Circumcision and dietary restrictions were both unique, ceremonial laws to the nation Israel.  God wasn't requiring circumcision or dietary restrictions for the whole world.  Circumcision had to do with God's covenant with Abraham, which applied specifically to him and his physical descendants (Gen 15 and 17).  Keeping ceremonial laws kept you in good standing in Israel, but it didn't mean you were saved, as seen in multiple places in the Old and New Testaments.  Dietary restrictions had been lifted by God's communication to Peter in Acts 10.

Peter also got in trouble with the James gang for eating with Gentiles (Galatians 2:12). They weren't eating right, so even if he was eating right, he shouldn't eat with them when they were eating wrong.  Peter knew the dietary restrictions were lifted and that Gentiles were not unclean, but this had not been fully accepted by all the professing Jewish Christians, so he stopped eating with Gentiles, confusing the gospel.  Did you have to keep ceremonial laws to be saved or not?  Paul confronted him to his face over this (Galatians 2:11).

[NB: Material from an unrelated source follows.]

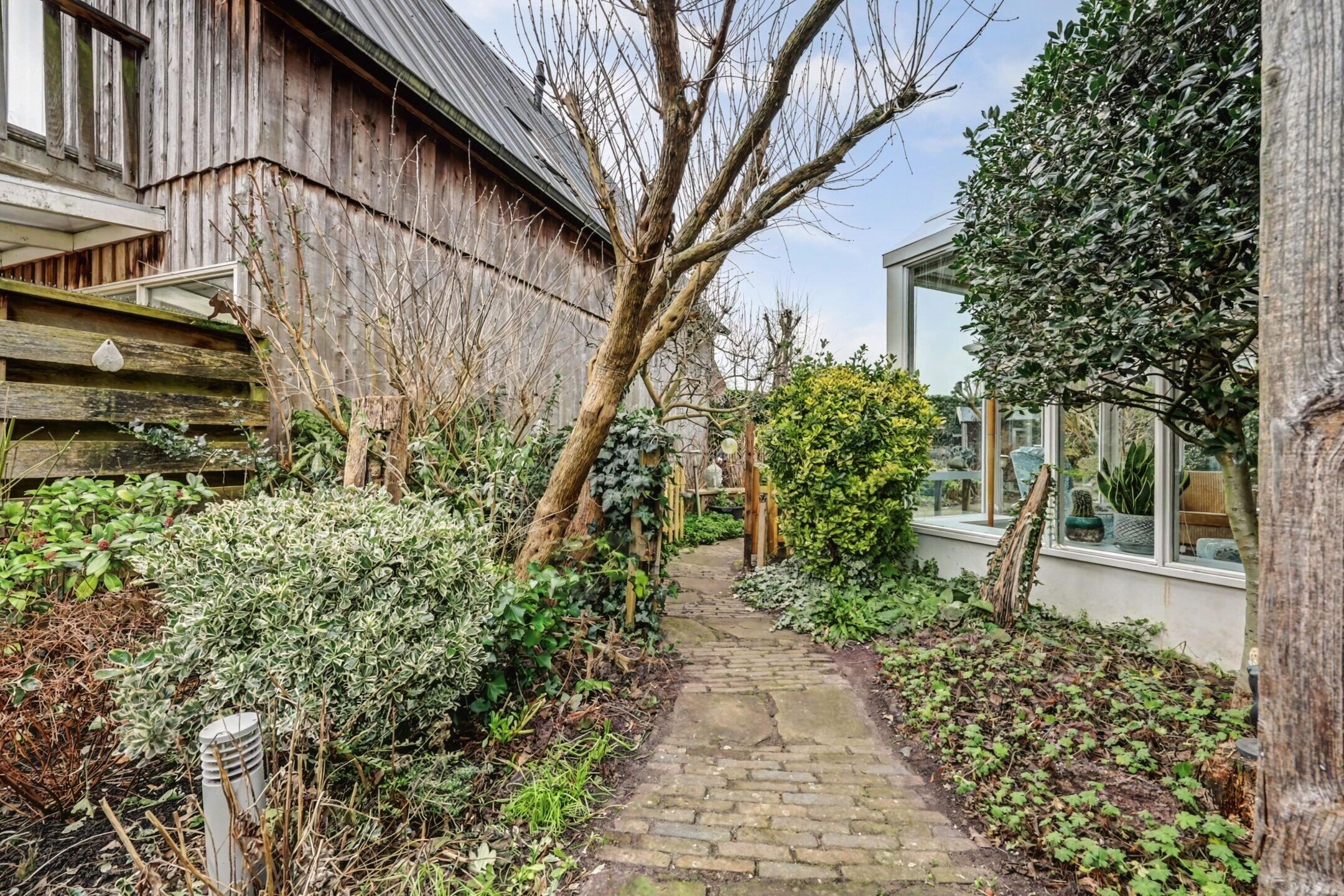 The garden surrounds the house on three sides and is located directly on the water, offering beautiful views and a great sense of freedom. Children can play by or in the water or go boating. The waterway provides access towards Almere Stad and the Kromslootpark. Multiple terraces ensure a pleasant spot in sun or shade.

According to Galatians 2:3, Paul brought Titus to Jerusalem because he was not circumcised, so he was a good example of the requirements of the gospel.  Titus was not expected to be circumcised, because Christ had fulfilled the ceremonial laws on the cross.  So did the gospel change God's expectations for how one of His were supposed to live?

Later in Galatians 2:17, Paul writes:
But if, while we seek to be justified by Christ, we ourselves also are found sinners, is therefore Christ the minister of sin? God forbid.
This is very similar to Romans 6:1-2, also by Paul:
What shall we say then? Shall we continue in sin, that grace may abound? God forbid. How shall we, that are dead to sin, live any longer therein?
The argument of the Judaizers or the Galatianists, leading to Galatians 2:17, was that the rejection of circumcision and dietary restrictions meant that justification by Christ made Christ a minister of sin.  If that were the case, then in Galatians 2:18, Paul said that he would also make himself a transgressor, if what they were saying were true.  In the next verse, 2:19, Paul writes:
For I through the law am dead to the law, that I might live unto God.
Gill writes concerning this:
The apostle further replies to the objection against the doctrine of justification, being a licentious one, from the end of his, and other believers, being dead to the law: he owns he was dead unto it, not in such sense as not to regard it as a rule of walk and conversation, but so as not to seek for life and righteousness by it, nor to fear its accusations, charges, menaces, curses, and condemnation: he was dead to the moral law as in the hands of Moses, but not as in the hands of Christ . . . .  the apostle by the doctrine of grace was taught not to seek for pardon, righteousness, acceptance, life, and salvation, by the works of the law, but in Christ; by the doctrine of the Gospel, which says, believe on the Lord Jesus Christ and thou shall be saved; he became dead to the law, which says, do this and live: or through the books of the law, and the prophets, the writings of the Old Testament, which are sometimes called the law, he learnt that righteousness and forgiveness of sins were only to be expected from Christ, and not the works of the law; things, though manifested without the law, yet are witnessed to by the law and prophets: or through the law of his mind, the principle of grace formed in his soul, he became dead to the power and influence of the law of works, he being no longer under the bondage of that, but under grace, as a governing principle in his soul.
As is most often the case with Gill, that's a long paragraph.  I've drawn your attention to a few points with underlining.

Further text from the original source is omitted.